SVM Capacity Scaling
Scheduling
Initiating the Transaction
Once a user signs a transaction in their wallet, the wallet sends it to an X1 RPC server. RPC servers can be run by any validator. Upon receiving the transaction, the RPC server checks the leader schedule (determined once per epoch, about two days long) and forwards the transaction to the current leader as well as the next two leaders. The leader is responsible for producing a block for the current slot and is assigned four consecutive slots. Slots usually last around 400 milliseconds.
Once the signed transaction reaches the current leader, it validates the transaction’s signature and performs pre-processing before scheduling the transaction for execution.
Multi-Thread Parallelization
Unlike the EVM, which is a single-threaded runtime that processes only one contract at a time, the SVM is multi-threaded, allowing it to process more transactions in significantly less time. Each thread contains a queue of transactions waiting to be executed, with transactions randomly assigned to a queue.
The default scheduler implementation is multithreaded, with each thread maintaining its own transaction queue. Transactions are randomly assigned to a queue and ordered by priority fee (fee paid per compute unit requested) and time.
Notably, there is no global ordering of transactions queued for execution—only local ordering within each thread’s queue.
Block Building & Banking Stage
Most blockchain networks construct full blocks before broadcasting them, a process known as discrete block building. In contrast, X1 and Solana employ continuous block building, dynamically assembling and streaming blocks as they are created. This approach significantly reduces latency.
Each slot lasts 400 milliseconds, and each leader is assigned four consecutive slots (1.6 seconds) before the role rotates. For a block to be accepted, all transactions within it must be valid and reproducible by other nodes.
Two slots before assuming leadership, a validator halts transaction forwarding to prepare for the upcoming workload. During this time, inbound traffic spikes to over one gigabyte per second, as the entire network directs packets to the next leader.
Transaction Processing Stages
- Fetch Stage – Transactions are received via QUIC.
- SigVerify Stage – Signatures are validated, and duplicate transactions are removed.
- Banking Stage – Transactions are processed in parallel and grouped into ledger entries (batches of 64 non-conflicting transactions).
Parallel transaction processing is possible because each transaction explicitly lists all accounts it will read and write to. This design choice shifts complexity onto developers but enables the validator to avoid race conditions by only selecting non-conflicting transactions for execution in each entry.
In the diagram above:
- Thread 1 locks
[a, b, c]
and[d]
but fails to lock[c, j]
and[f, g]
. - Thread 2 locks
[w]
and[x, y, z]
but fails to lock[c]
and[v]
.
Non-conflicting transactions run in parallel, improving efficiency, while conflicting transactions must be executed sequentially.
The system uses six threads for transaction processing:
- Four threads handle normal transactions
- Two threads handle vote transactions, which are essential to X1 and Solana’s consensus mechanisms
Once transactions are executed, their changes are finalized and stored in the blockchain state.
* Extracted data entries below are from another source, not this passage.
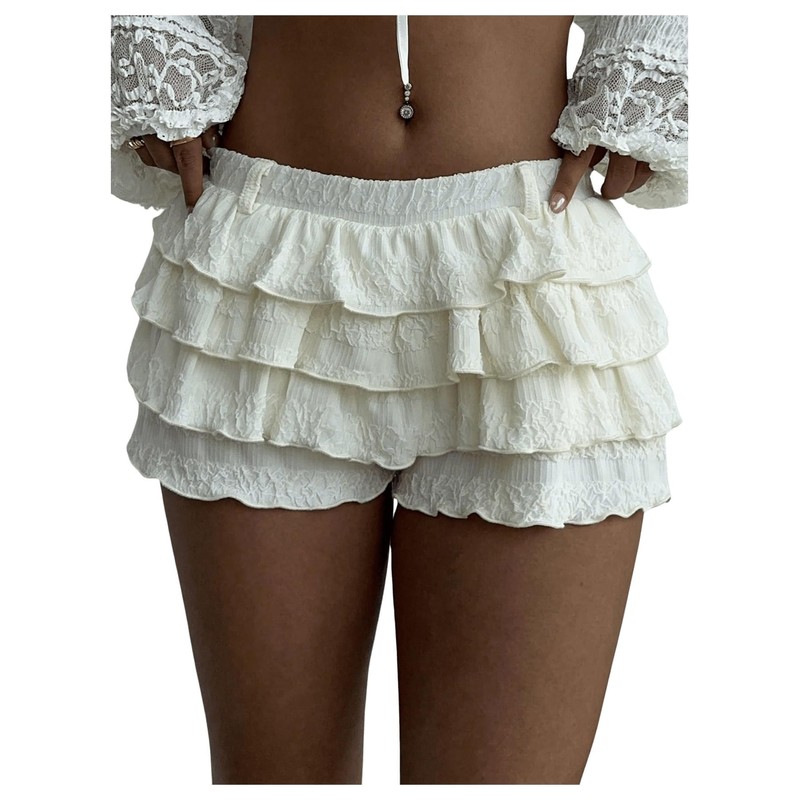 PRSFPN Women's Y2k Ruffle Shorts Tiered Layers Bloomers Cute Mini Short Pumpkin Pants with Belt Loops (Apricot, X-Large)
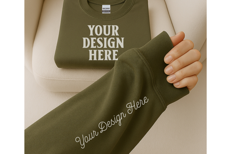 Similar Design Products to Gildan 18000 Military Green Sleeve Sweatshirt Mockup
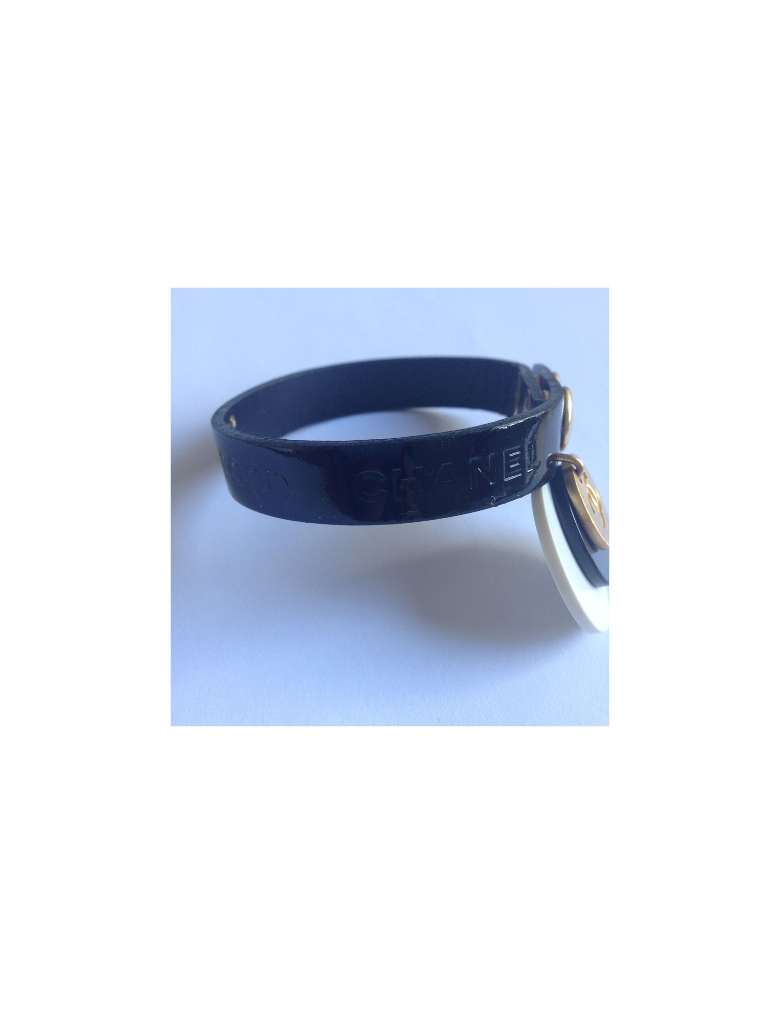 Bracelet Chanel Black patent leather and charms black, white and gold metal CC. On which black patent leather strap and COCO CHANEL.
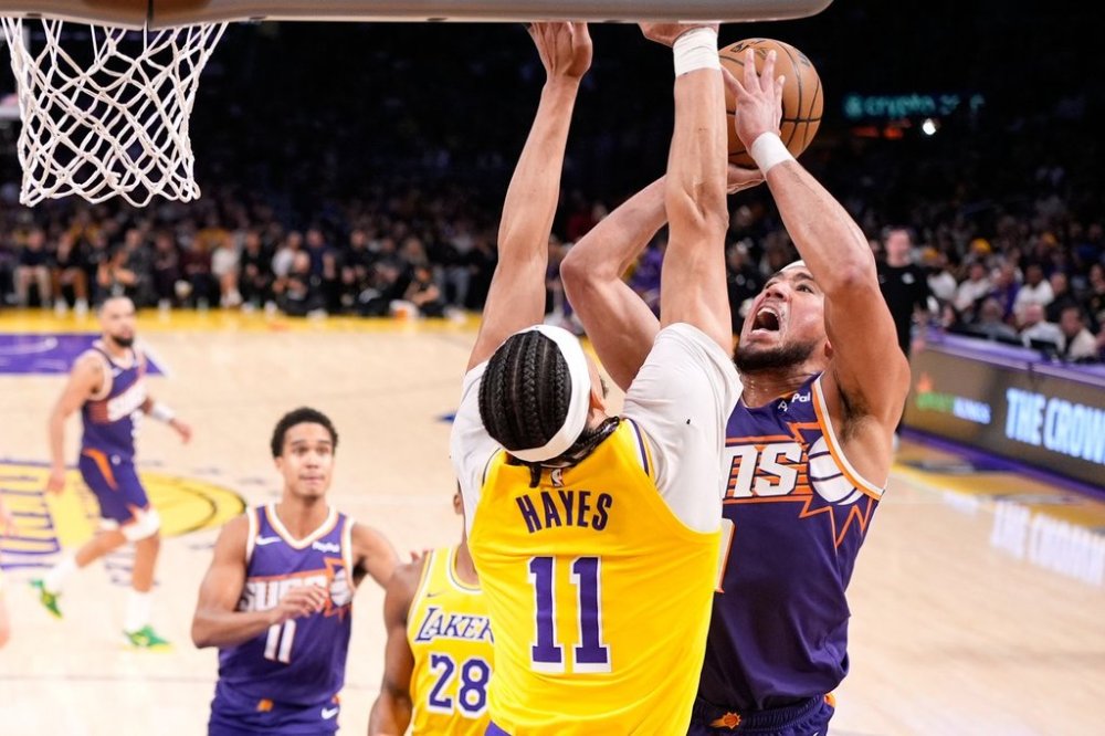LOS ANGELES (AP) — Phoenix Suns guard Devin Booker was ruled out of Monday night’s game against the Los Angeles Lakers in the first half with a right groin injury.
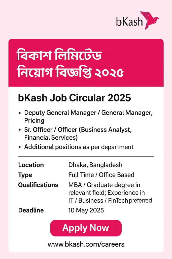 বাংলাদেশের শীর্ষস্থানীয় মোবাইল ফাইন্যান্সিয়াল সার্ভিস কোম্পানি বিকাশ লিমিটেড (bKash Ltd.) ২০২৫ সালের জন্য নতুন নিয়োগ বিজ্ঞপ্তি প্রকাশ করেছে। যারা ফিনটেক, মার্কেটিং, বিজনেস অ্যানালাইসিস বা ম্যানেজমেন্টে ক্যারিয়ার গড়তে চান, তাদের জন্য এটি একটি অসাধারণ সুযোগ।
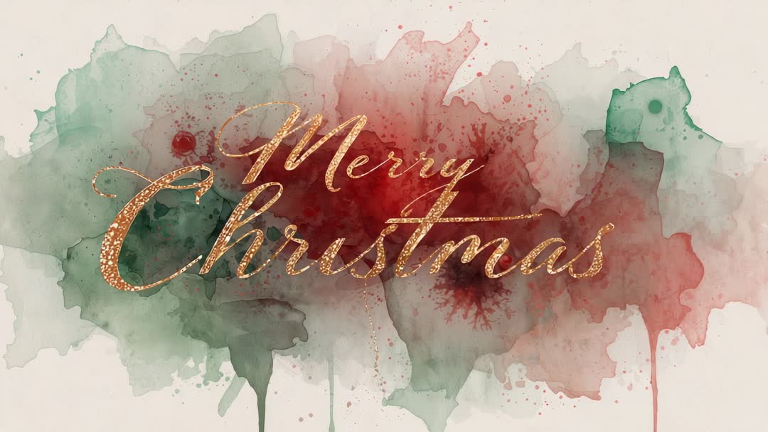 AI Generated Image. Loopable watercolor reveal video featuring gold cursive Merry Christmas emerging from red and green ink washes on creamy textured paper. Gold lettering glittering and catching light while watercolor splashes flowing, blending, dripping into soft gradients. Clip working well for holiday campaigns, social media stories, email headers, website banners, e-card intros, in-store screens, and video ads. Use suggestions: overlaying brand logo over final frame, adding festive music track, pairing with product shots for seasonal promotion, or using freeze-frame stills for printed card mockups and website hero art. AI generated texture delivering high-resolution detail for close-up crops and motion design work.
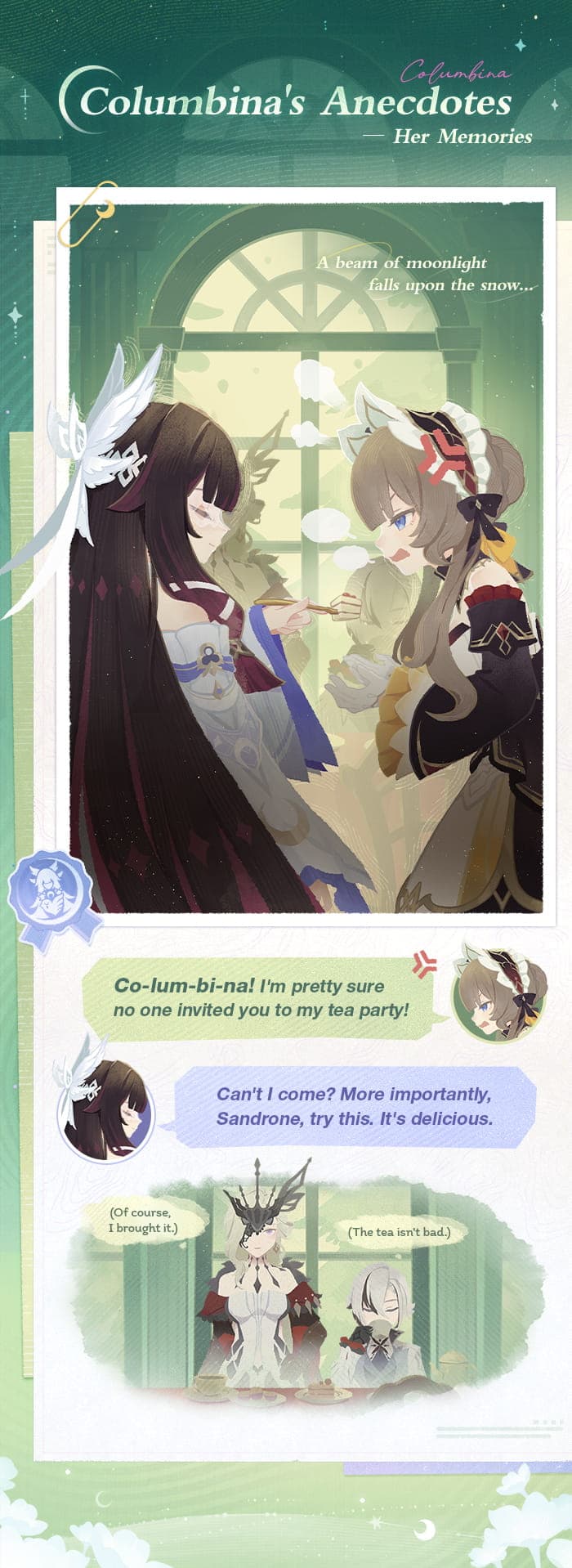 Sin embargo, a medida que crecía y se encontraba con otros, ya fuera durante su tiempo con los Vástagos de la Luna Gélida, su posterior servicio con los Fatui o las amistades que desarrolló después, Columbina fue construyendo lentamente su comprensión de la dinámica social. Cada interacción, recuerdo y respuesta emocional se convirtió en parte del tapiz que le enseñó que las relaciones requieren esfuerzo, vulnerabilidad y la voluntad de ser vista. Lo que comenzó como un difícil proceso de aprendizaje se convirtió finalmente en una parte inestimable de quién es, moldeándola en alguien capaz de empatía y conexión a pesar de una historia de soledad.
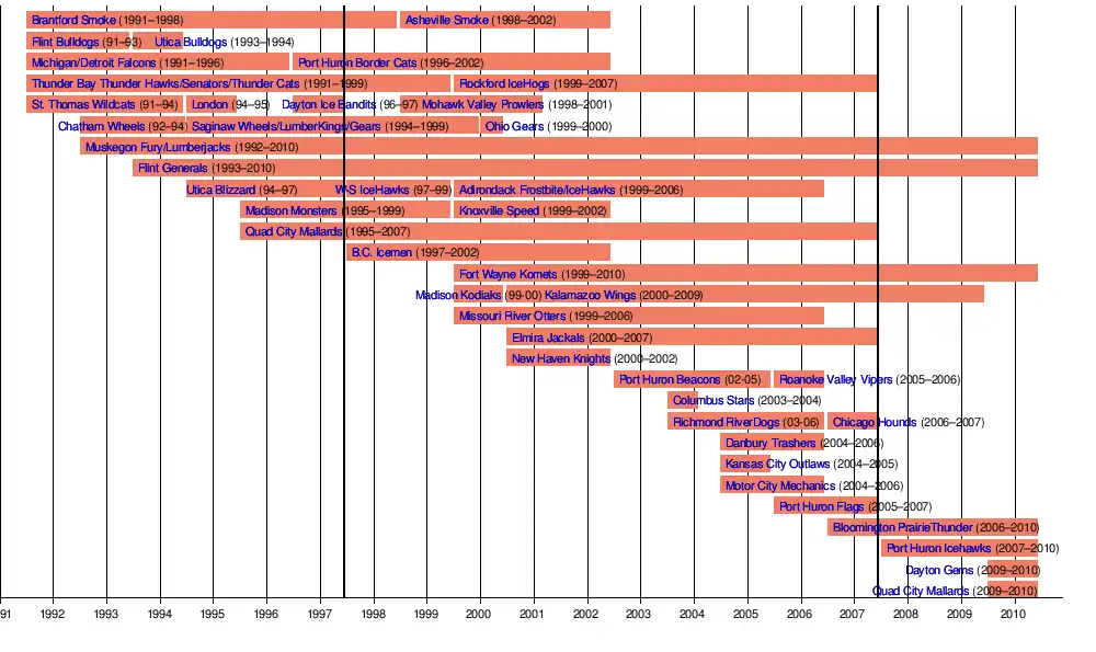 Quad City MallardsDayton Gems (2009–)Port Huron IcehawksBloomington PrairieThunderPort Huron Flags (UHL)Motor City MechanicsKansas City OutlawsDanbury TrashersChicago Hounds (ice hockey team)Richmond RiverDogsColumbus StarsRoanoke Valley VipersPort Huron BeaconsNew Haven KnightsElmira JackalsMissouri River OttersKalamazoo WingsMadison KodiaksFort Wayne KometsB.C. IcemenQuad City Mallards (1995-2007)Knoxville SpeedMadison MonstersAdirondack FrostbiteWinston-Salem IceHawksUtica BlizzardFlint GeneralsMuskegon Lumberjacks (2008–2010)Ohio GearsSaginaw Gears (UHL)Chatham WheelsMohawk Valley ProwlersDayton Ice BanditsLondon WildcatsSt. Thomas WildcatsRockford IceHogs (UHL)Thunder Bay Thunder CatsPort Huron Border CatsDetroit Falcons (CoHL)Utica BulldogsFlint BulldogsAsheville SmokeBrantford Smoke
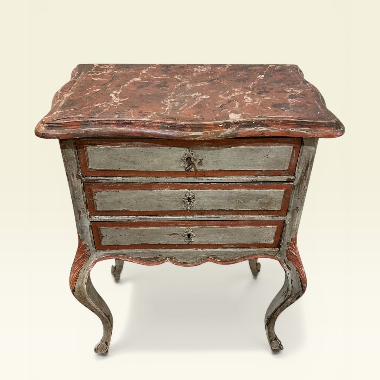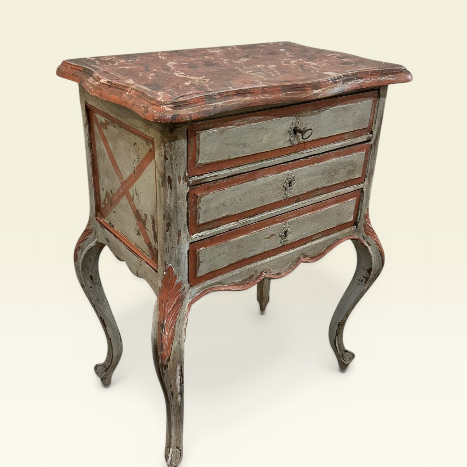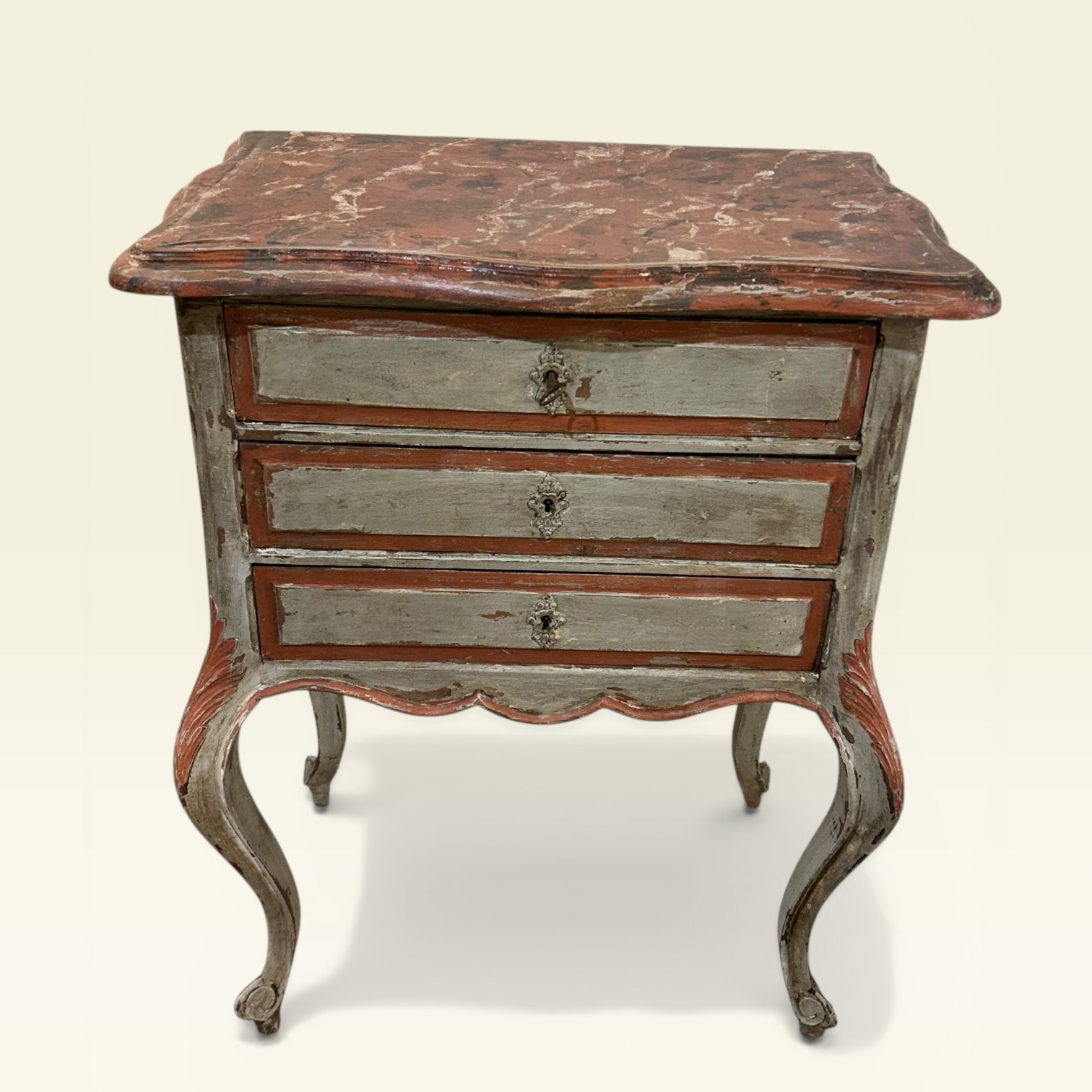 Magnífica pieza de mobiliario con dimensiones muy particulares y una decoración totalmente única. Combina el color verde eucalipto y grisáceo con un tono teja muy especial. El sobre se encuentra policromado original a la época con el típico «trampantojo italiano» que simula el efecto del mármol.

Current Limitations in SVM Architecture
Solana’s high throughput is largely due to its parallel processing architecture. However, a major limitation is the fixed number of banking threads used for transaction execution.
Key Issues:
- Underutilization of Multi-Core Processors – Modern processors often have 16, 32, or more cores, but Solana limits banking threads to just four, wasting computational resources.
- Execution Bottlenecks – This artificial cap restricts transaction processing, leading to higher latency and lower throughput during peak network activity.
- Limited Parallelism – The effectiveness of Solana’s parallel processing is reduced due to this limitation, preventing full optimization.
X1 Blockchain’s Solution: Dynamic Thread Scaling
To address these inefficiencies, X1 Blockchain introduces dynamic thread scaling, which allows the number of banking threads to scale based on the CPU core count of the node.
Key Improvements:
✔ Adaptive Thread Allocation – Banking threads are dynamically assigned based on available CPU cores. For example, a 32-core processor can have up to 32 banking threads, maximizing efficiency.
✔ Increased Parallelism – More threads allow for greater transaction throughput, minimizing bottlenecks.
✔ Higher Throughput – More transactions can be processed concurrently, reducing confirmation times, especially during peak network usage.
✔ Future-Proof Scalability – As hardware advances, X1’s execution scheduler will automatically scale, ensuring long-term performance and efficiency.
By eliminating artificial constraints on banking threads, X1 Blockchain ensures that modern hardware is fully utilized, making the network faster, more efficient, and scalable for future growth.